POETRY
Diva
BIPASHA HAQUE
They decorated her way with hibiscus,
The blood-red petals aglow in blighting sun:
a fluorescent grandeur against a dark auburn silhouette.
They waited with a waiting
as far as their arms would stretch.
Their waiting had that luminous complacence.
Their batik turbans and lapis lazuli beads
had the eagerness of the beauty of Biblical parables.
Moments went by, but they were patient.
Their eyes radiated, then diluted
as if belladonna had had its effect.
Their breathing slowed down,
like those of Buddhist monks.
Their slim, erect and alert bodies
had the stillness of cheetah right before a hunt.

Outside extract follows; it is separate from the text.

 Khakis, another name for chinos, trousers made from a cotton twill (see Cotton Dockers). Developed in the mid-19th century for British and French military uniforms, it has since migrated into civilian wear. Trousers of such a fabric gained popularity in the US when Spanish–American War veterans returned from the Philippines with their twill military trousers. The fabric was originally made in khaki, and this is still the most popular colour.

Rustling clouds, sombre and pining
moss hanging from abundant canopies—
the lapis lazuli ripples, cascading in giggling bursts,
The air was pregnant with expectation, to sum it all up.
It was the time for annual cleansing,
And, without her they knew it wouldn't happen.

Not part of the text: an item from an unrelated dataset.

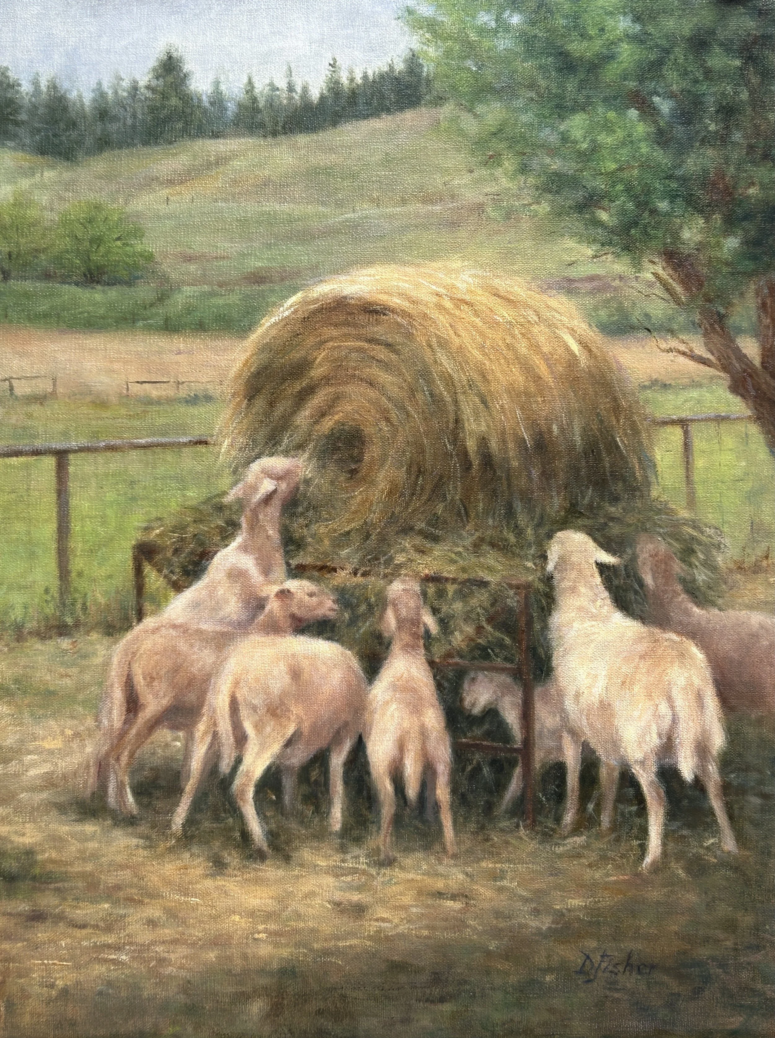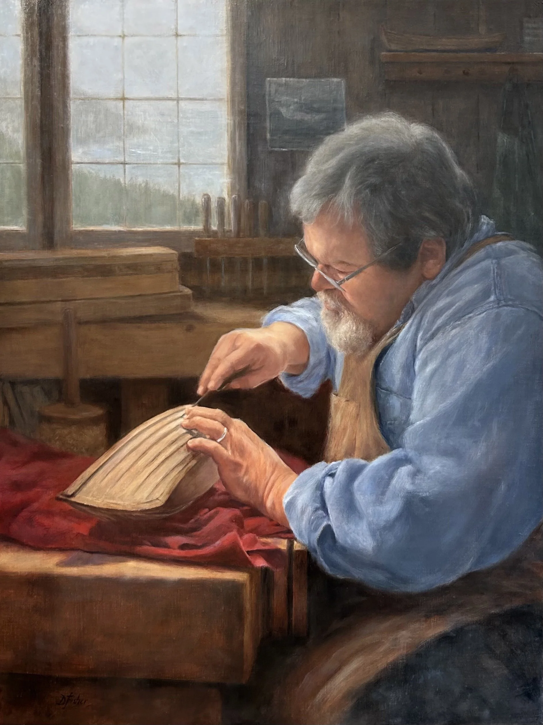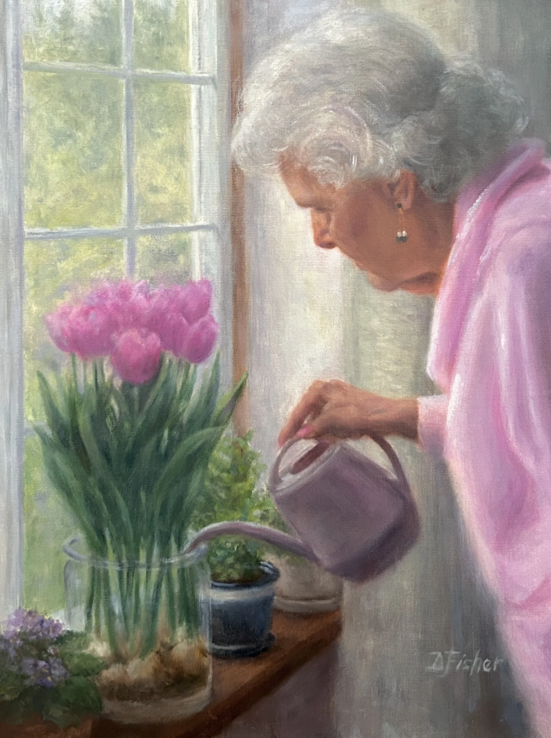 The Vault Presents:Debby Fisher "Tending the Garden" Oil 9x12 $350 "Lunch Date" Oil 12x16, $400 "The Boat Carver" Oil 18x24 $1000

But let me be clear that she was unwelcome
in their conversations, from their households,
and also from their riverbeds.
A forlorn distance sighed between them and her,
Like the distance between the lips and heart
Or between thoughts and actions
or between instinct and impulse!
And see there she is, the Diva!
The afternoon glow and the glow-worms
the hibiscus luminous and grande,
The crowd knew that the wait was over.
Then they let in distance to drift between them.
The concentric circle of the readiness of a cheetah
Or the long walk of bushman for hunt begins again.
Bipasha Haque is a diaspora writer with particular interest in life-the way it is. By profession Bipasha is a university teacher.
POEMS BY ARSHI MORTUZA
Splodges
How can I word what I feel?
The ink on the tip of my quill
drip, drip, drips on a blank page
as I think, think, think
yet every mental lexicon fails
to express how I feel
See, some words come close
but are not quite accurate -
could I say I'm crazy? obsessive?
and the black ink still splatters
"drip, drip, drip"
on the page, which was once blank
And I look at my quill,
A lonely stranded feather
Plucked out from its entirety
It's no longer whole, and neither am I
But what is the word for that?
I think long and hard
As my quill bleeds
Giant droplets of ink
I take a look at the page
soaked in smudges of ink
and I smile -
for it reflects, exactly what I feel
The Whispers of the Rose
There's a secret
One I promised I'd take to my grave
Let it be buried with me
Let it end with me
Allow it to also decay with the dust
However I cannot promise
that upon my death, on that very soil
An intruder may not bloom
Sighing and lamenting - that very secret
White are her petals;
Curved inwards and layered
And on top of my grave,
Will she whisper into the wind
that very secret?
I still promise -
that it's a secret
which I'll take to my grave
but the leaves at dawn
the petals and thorns
may get a sense of it
Arshi Mortuza is a last semester student at ULAB.